Web sites do not exist in vacuum, and their contents, when published, is not pulled from thin air. Rather, it is kept on the web developer computer. Therefore, a discovery request to produce the development environment on the web developer is more germane and is closer to the source. The web developer machine is less likely to get hacked, because it is not directly accessible from the outside web. This answers the hacking challenge. It may also contain multiple copies of the contents, thus helping to establish the authenticity even further. Moreover, in today's development environment, it is often not one but multiple developers that are creating the contents. The production request against all of these computers will cross-confirm the contents.

Just as important, a production request aimed at the developer machines will turn up email communications between the developer and the management. After all, it is the management who is ultimately responsible for the web site pronouncements.

More often than not, the web site code is also stored in version control system, such as CVS, subversion, or SourceSafe. These systems are designed to keep every version of the files changed by developers, with the developer attribution, and often developer comment.

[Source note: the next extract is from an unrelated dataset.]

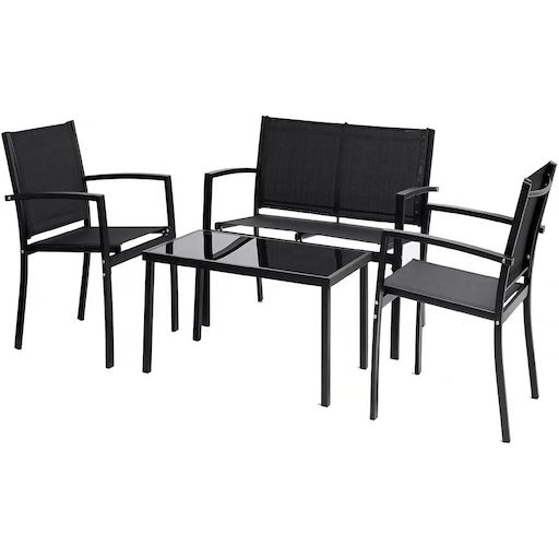 Salon de jardin bas Lino - 4 places - GrisLe salon de jardin Lino en textilène est l'ensemble parfait pour votre espace extérieur. Avec ses quatre places, il offre amplement d'espace pour vous et vos invités pour se détendre en plein air.Fabriqué à partir de matériaux de haute qualité, ce salon de jardin est à la fois durable et résistant aux intempéries. Le textilène utilisé pour les sièges et les dossiers est confortable et facile à nettoyer, offrant une expérience de détente confortable à chaque utilisation.Le design élégant et contemporain de ce salon de jardin est complété par une finition noire sophistiquée, qui s'harmonisera parfaitement avec tous les types de décoration de jardin.Le salon de jardin Lino est facile à assembler et comprend tous les éléments nécessaires pour une installation rapide et facile. Profitez de votre jardin ou de votre terrasse avec style grâce à cet ensemble de salon de jardin. Salon de jardin bas Lino - 4 places - métal et textilène - Gris - Table finition en verre noir - Fauteuil 2 places - 2 chaises .Descriptif: Salon de jardin bas Lino - 60 x 59 x 77,5 cm - Métal et textilène - Noir - Table finition en verre noir - Fauteuil 2 places - 2 chaises
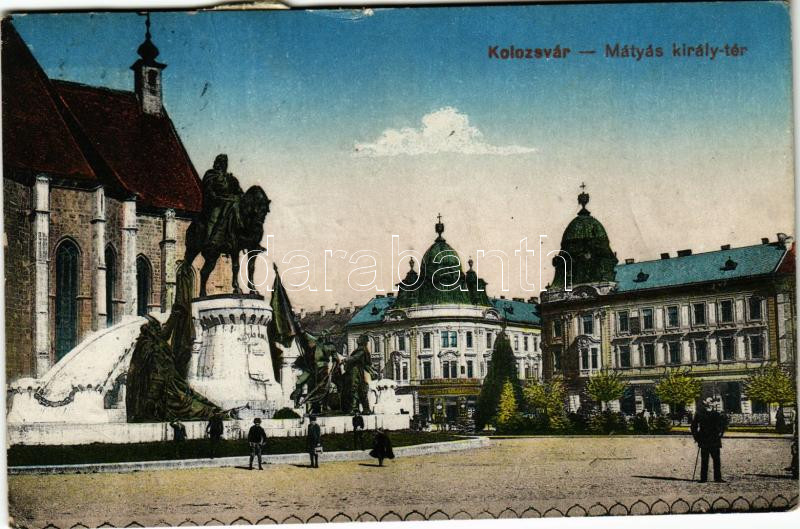 1917 Kolozsvár, Cluj; Mátyás király tér és szobor, Magyar-Francia biztosító / square, monument, insurance company (kis szakadás / small tear)

The requests discussed above should serve as a solid foundation to authenticate the web site content in question. The developer's machine containing email and instant messaging communications with the management will give additional insights into the reasons and timing/contents of the changes.

To summarize, a solid understanding of both the technical and the legal issues involved in web site development will help to lay proper foundation in getting the web site evidence admitted in court.

The author gratefully acknowledges the editing help and numerous suggestions of Kelvin Rocquemore, Esq., of Trial Solutions.

The author is also thankful to his colleagues at the litsupport discussion group, whose discussions provide him with much inspiration and knowledge.